Tron: 15 Years After Daft Punk, which artist is composing the score for the cult classic?

Disney has unveiled the first images from Tron: Ares, the third installment of its iconic saga launched in 1982. Fifteen years after Daft Punk, it’s the band Nine Inch Nails – composed of Trent Reznor and Atticus Ross – that is scoring the highly anticipated new chapter.

  • by La rédaction.

  • https://www.youtube.com/watch?v=9KVG_X_7Naw
    Trailer for TRON: Ares (2025).

    Nine Inch Nails takes up the torch, 15 years after Daft Punk

    It’s an unexpected comeback that’s electrifying science fiction fans. Fifteen years after Daft Punk’s phenomenal soundtrack for Tron: Legacy (2010), it’s the duo Nine Inch Nails, made up of Trent Reznor and Atticus Ross, who are now taking up the mantle and composing for Tron: Ares. Set to hit theaters on October 8, 2025, this third installment marks a turning point in Disney’s digital mythology.

    Directed by Joachim Rønning (Maleficent: Mistress of Evil), Tron: Ares continues its journey into the digital world. Here, Jared Leto plays Ares, an AI program thrust into the real world—a fascinating reversal of transhumanist logic, where the algorithm seeks to understand humanity. At his side: Greta Lee, Ryan Murphy’s favorite actor Evan Peters, the legendary Gillian Anderson, and Jeff Bridges, who is returning to the franchise.
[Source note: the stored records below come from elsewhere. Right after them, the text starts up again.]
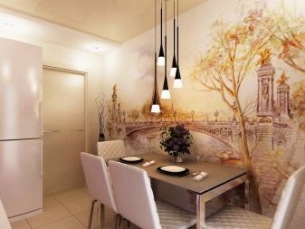 تبدو المناظر الطبيعية جيدة في المطابخ الصغيرة – فهي توسع المساحة بصريًا (يمكن قصها من ورق الحائط ، أو تجميعها بنفسك ، مما يؤدي إلى إنشاء فسيفساء أو زخرفة من خطوط ورق الحائط متعددة الألوان). تبدو صور الحيوانات الأليفة مضحكة في المطبخ – صورة ظلية قطة سوداء على خلفية بيضاء بأسلوب رسومات بانكسي ، تصل بمخلبها إلى طاولة مطبخ حقيقية ، صورة لكلب مفضل تم إنشاؤها من قطع ورق حائط مطابقة للون . هناك ، بعد كل شيء ، ورق حائط رمادي ، وأصفر-أحمر ، وأبيض ، يمكنك اختيار شيء يتناسب مع لون معطف صديق ذو أربعة أرجل. أو ، على العكس من ذلك ، قم بإنشاء صورة له بأسلوب تعبيري ، من قطع صغيرة ذات ألوان غير عادية.
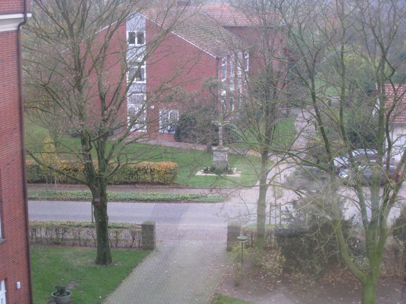 Geschichte ist überall – so z. B. in dem Kreuz vor dem Schwesternheim gegenüber vom Herz-Jesu-Kloster. Alle Handruper kennen dieses Kreuz, vom Sehen, vom Vorbeifahren. Aus vielen Klassenräumen der Schule kann man es sehen. (Foto: Der Blick aus einem Kursraum der vierten Etage)
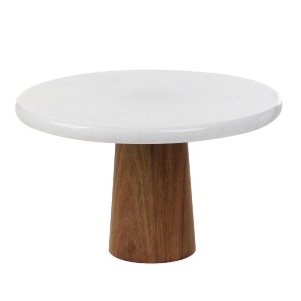 Surprise your guests with a stylish and modern table setting by serving snacks on a HOMLA MARBLE plate. We combined elegant white marble with acacia wood, which brings a breath of nature to the table and adds warmth to the composition. The plate is placed on a leg, thanks to which you will save some space on the countertop and make the arrangement more dynamic. The delicacies served there will certainly be the first to catch your eye and will quickly disappear from the table.
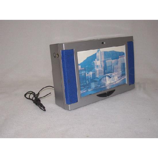 This radio is designed to resemble a television and has switches on the side for volume and channel tuning. It has a stand at the back and has an auxiliary port for connecting to headphones. Users can enjoy their favorite radio station anytime and anywhere with this radio.
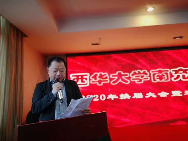 大会伊始,与会人员观看了西华大学宣传片,通过视频了解母校近年来各方面的建设和发展情况。接着,校友办主任王丽娟宣读了《关于南充校友会新一届理事会成员组成的通知》,宣布新一届理事会成员的组成,在与会校友们的共同见证下举行了会旗交接仪式,王丽娟从上一届会长、81级机制专业校友杨献龙手中接过南充校友会会旗,并交接到新一届会长、82级机制专业校友赵燕辉手中,简单的仪式不只是会旗的交接,更是母校对校友的嘱托和校友会责任的传承。
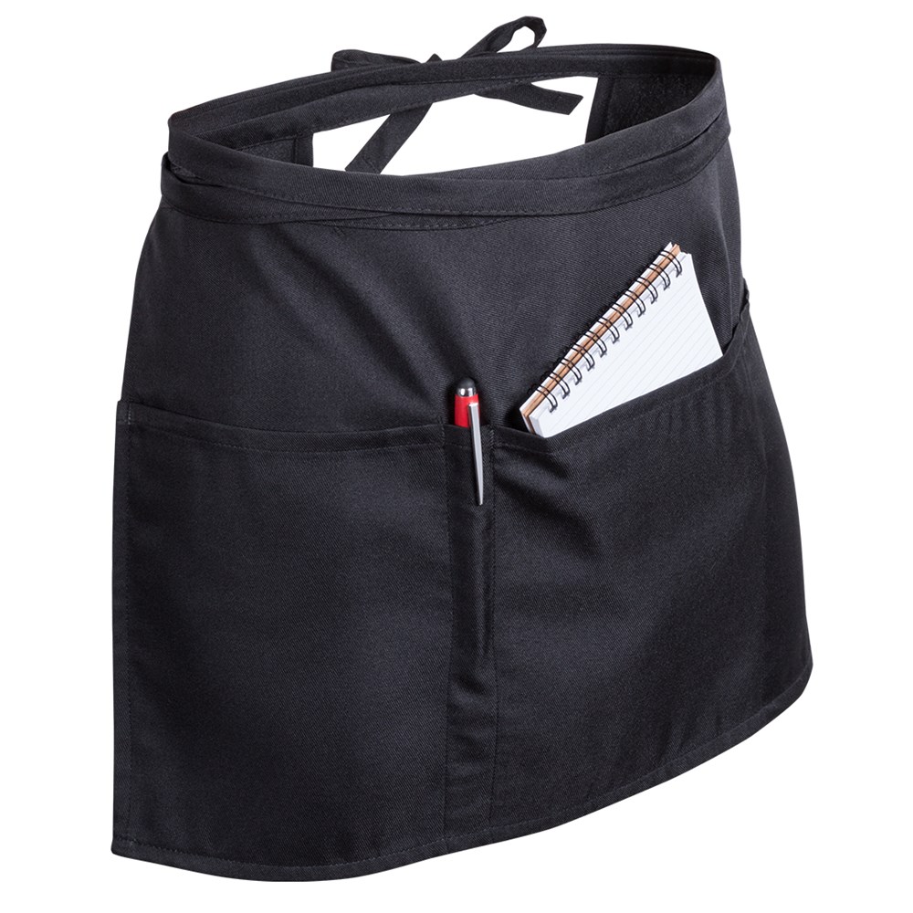 Taillen-Schürze aus 100 % Polyester in geschmeidigem, elegantem Schwarz. Mit 2 großen sowie einer mittelgroßen Tasche und einem Stifthalter. Mit Bändern zum Einstellen.
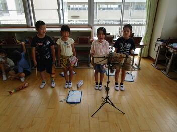 歌とリコーダー演奏、班別の民謡の発表でした。

    Oscar winners for The Social Network, Trent Reznor and Atticus Ross have carved out a distinct sonic identity, combining industrial textures, anxious pulses, and sepulchral ambient layers. Their sound fits perfectly with the darker, more introspective tone of Tron: Ares. The first teaser, featured in the trailer, evokes a kind of mechanical trance, somewhere between Aphex Twin and John Carpenter—a deconstructed, post-apocalyptic sonic matter.

    Tron: Imagining the future since 1982

    A true aesthetic anomaly, the original Tron, directed in 1982 by Steven Lisberger, was a pioneer in the use of computer-generated imagery, thrusting Jeff Bridges into an unprecedented virtual world where computer programs took on human form. Initially poorly received by critics—The New York Times described the film as “more technically captivating than narratively compelling”—Tron gradually gained cult status, standing at the crossroads of auteur cinema and video gaming.
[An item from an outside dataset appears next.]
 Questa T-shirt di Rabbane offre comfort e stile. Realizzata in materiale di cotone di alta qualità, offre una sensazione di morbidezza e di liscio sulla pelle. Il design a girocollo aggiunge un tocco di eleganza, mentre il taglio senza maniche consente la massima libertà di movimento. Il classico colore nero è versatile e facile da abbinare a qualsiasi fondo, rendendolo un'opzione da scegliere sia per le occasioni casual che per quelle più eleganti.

    It wasn’t until 2010 that Disney revived the franchise with Tron: Legacy, directed by Joseph Kosinski. Visually stunning, the film continued to polarize critics. Some praised it as a “hypnotic digital ballet” (Le Monde), while others lamented a script that was “as hollow as it was flashy” (The Guardian). But on one point, consensus was clear: Daft Punk’s soundtrack was sheer brilliance.
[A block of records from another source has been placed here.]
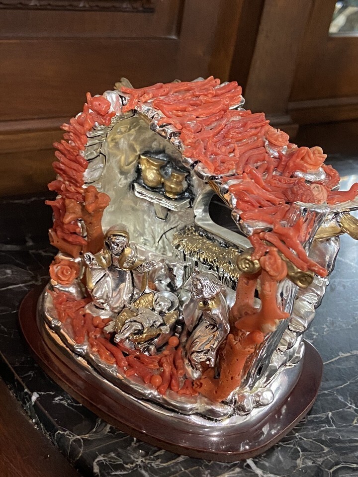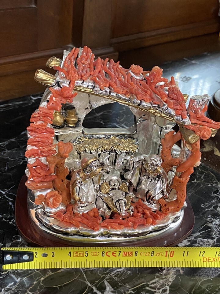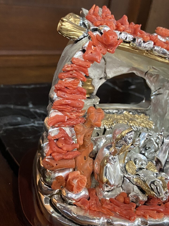 Presepe bagno argento arricchito, manualmente, da corallo naturale.
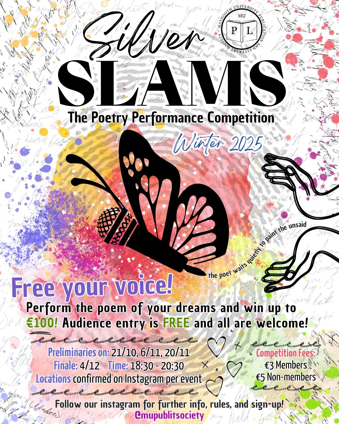 Our poetry contest and reading event, Silver Slams, will be triumphantly returning this week!On October 21st, at 6:30pm in the Rye Events Space, the popular event will be returning from last semester to prop up a new series of poetic voices from across campus.This will be the first preliminary session of three, before a finale where contestants can have the chance to win up to €100 in prizes. Society members can submit and perform their poetry for €3, and non-members in the university can d ... Read More »
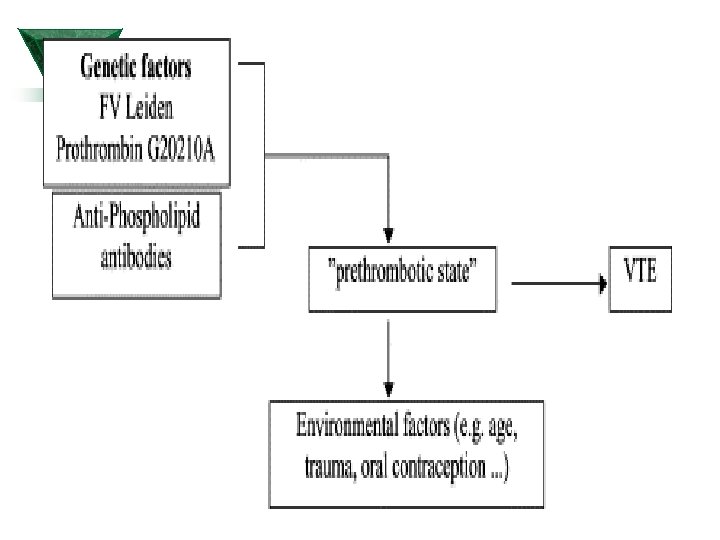 Defekty zodpovědné za vrozené hyperkoagulační stavy Ú Rezistence na aktivovaný protein C (Faktor V Leiden) Ú Deficit proteinu S Ú Deficit proteinu C Ú Deficit antitrombinu III Ú Hyperhomocysteinémie Ú Alela 20210 A v 3´oblasti genu protrombin Ú Dysplasminogenemie Ú Vysoké hladiny PAI Ú Dysfibrinogenémie Ú Zvýšený faktor VIII

    With Tron: Ares, Disney is doing more than continuing a saga—it’s questioning our relationship to artificial intelligence, to reality, and to digital memory. By entrusting the score to one of the most radical bands of the past thirty years, the studio signals a return to its roots: the fusion of aesthetic risk and metaphysical inquiry.

    Tron: Ares by Joachim Rønning opens in theaters on October 8.